The page you navigated to () does not exist, so we brought you to the closest page to it.
You have switched from the to the variant of this site. There is no equivalent of . We have taken you to the closest page in the variant.
2.1.9
flyte.prefetch
Prefetch utilities for Flyte.
This module provides functionality to prefetch various artifacts from remote registries, such as HuggingFace models.
Directory
Classes
| Class | Description |
|---|---|
HuggingFaceModelInfo |
Information about a HuggingFace model to store. |
ShardConfig |
Configuration for model sharding. |
StoredModelInfo |
Information about a stored model. |
VLLMShardArgs |
Arguments for sharding a model using vLLM. |
Methods
| Method | Description |
|---|---|
hf_model() |
Store a HuggingFace model to remote storage. |
Methods
hf_model()
def hf_model(
repo: str,
raw_data_path: str | None,
artifact_name: str | None,
architecture: str | None,
task: str,
modality: tuple[str, ...],
serial_format: str | None,
model_type: str | None,
short_description: str | None,
shard_config: ShardConfig | None,
hf_token_key: str,
resources: Resources,
force: int,
) -> RunStore a HuggingFace model to remote storage.
This function downloads a model from the HuggingFace Hub and prefetches it to remote storage. It supports optional sharding using vLLM for large models.
The prefetch behavior follows this priority:
- If the model isn’t being sharded, stream files directly to remote storage.

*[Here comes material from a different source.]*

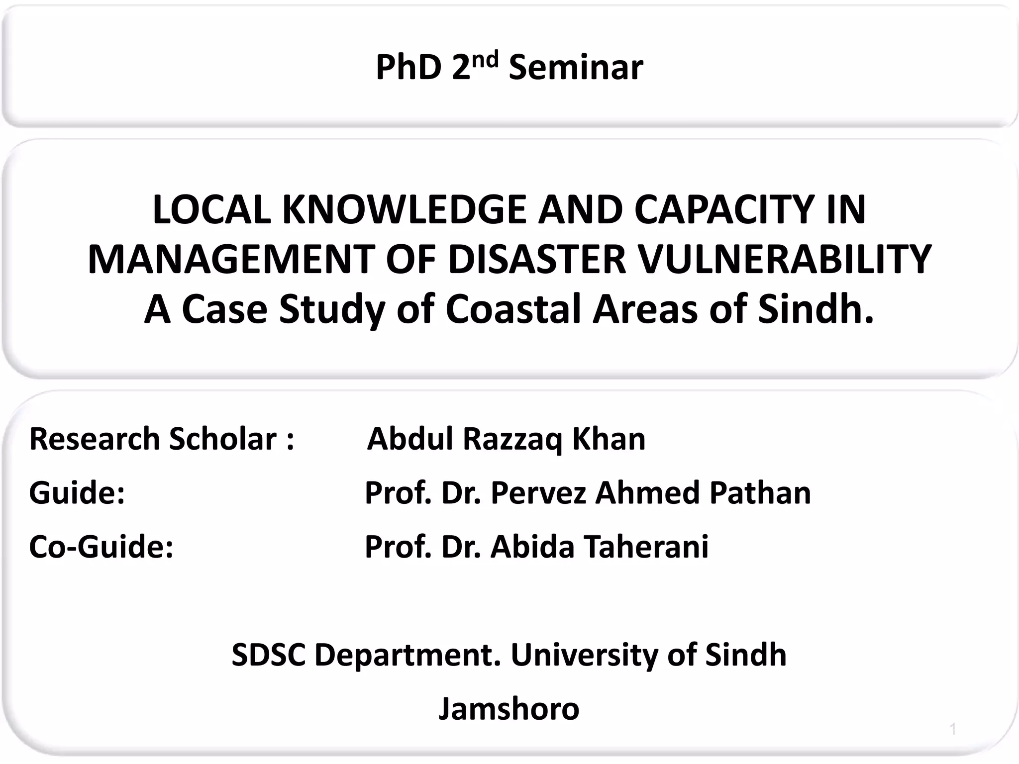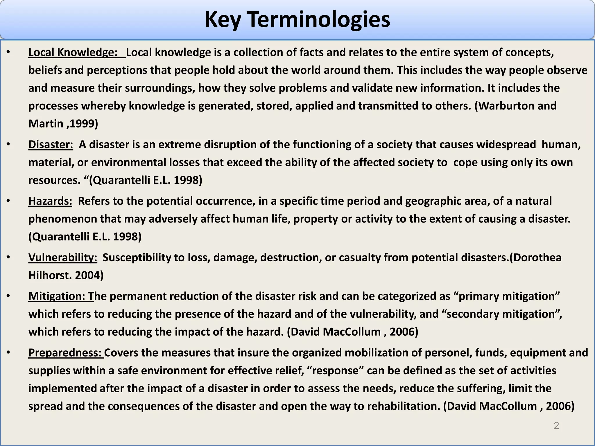 Local knowledge refers to the facts, beliefs, and perceptions people hold about their surroundings. This includes how they observe and solve problems. A disaster is a disruption that exceeds a society's ability to cope using its own resources. Hazards refer to natural phenomena that may adversely affect life or property. Vulnerability is susceptibility to loss from potential disasters. Mitigation permanently reduces disaster risk through reducing hazards and vulnerability. Preparedness ensures organization and resources for relief response after a disaster impact. The document then provides figures and sources related to disasters in coastal areas of Sindh province in Pakistan.

- If streaming fails, fall back to downloading a snapshot and uploading.
- If sharding is configured, download locally, shard with vLLM, then upload.
Example usage:
import flyte
flyte.init(endpoint="my-flyte-endpoint")
# Store a model without sharding
run = flyte.prefetch.hf_model(
repo="meta-llama/Llama-2-7b-hf",
hf_token_key="HF_TOKEN",
)
run.wait()
# Prefetch and shard a model
from flyte.prefetch import ShardConfig, VLLMShardArgs
run = flyte.prefetch.hf_model(
repo="meta-llama/Llama-2-70b-hf",
shard_config=ShardConfig(
engine="vllm",
args=VLLMShardArgs(tensor_parallel_size=8),
),
accelerator="A100:8",
hf_token_key="HF_TOKEN",
)
run.wait()| Parameter | Type | Description |
|---|---|---|
repo |
str |
The HuggingFace repository ID (e.g., ‘meta-llama/Llama-2-7b-hf’). |
raw_data_path |
str | None |
|
artifact_name |
str | None |
Optional name for the stored artifact. If not provided, the repo name will be used (with ‘.’ replaced by ‘-’). |
architecture |
str | None |
Model architecture from HuggingFace config.json. |
task |
str |
Model task (e.g., ‘generate’, ‘classify’, ’embed’). Default |
modality |
tuple[str, ...] |
Modalities supported by the model. Default |
serial_format |
str | None |
Model serialization format (e.g., ‘safetensors’, ‘onnx’). |
model_type |
str | None |
Model type (e.g., ’transformer’, ‘custom’). |
short_description |
str | None |
Short description of the model. |
shard_config |
ShardConfig | None |
Optional configuration for model sharding with vLLM. |
hf_token_key |
str |
Name of the secret containing the HuggingFace token. Default |
resources |
Resources |
|
force |
int |
Force re-prefetch. Increment to force a new prefetch. Default |
Returns: A Run object representing the prefetch task execution.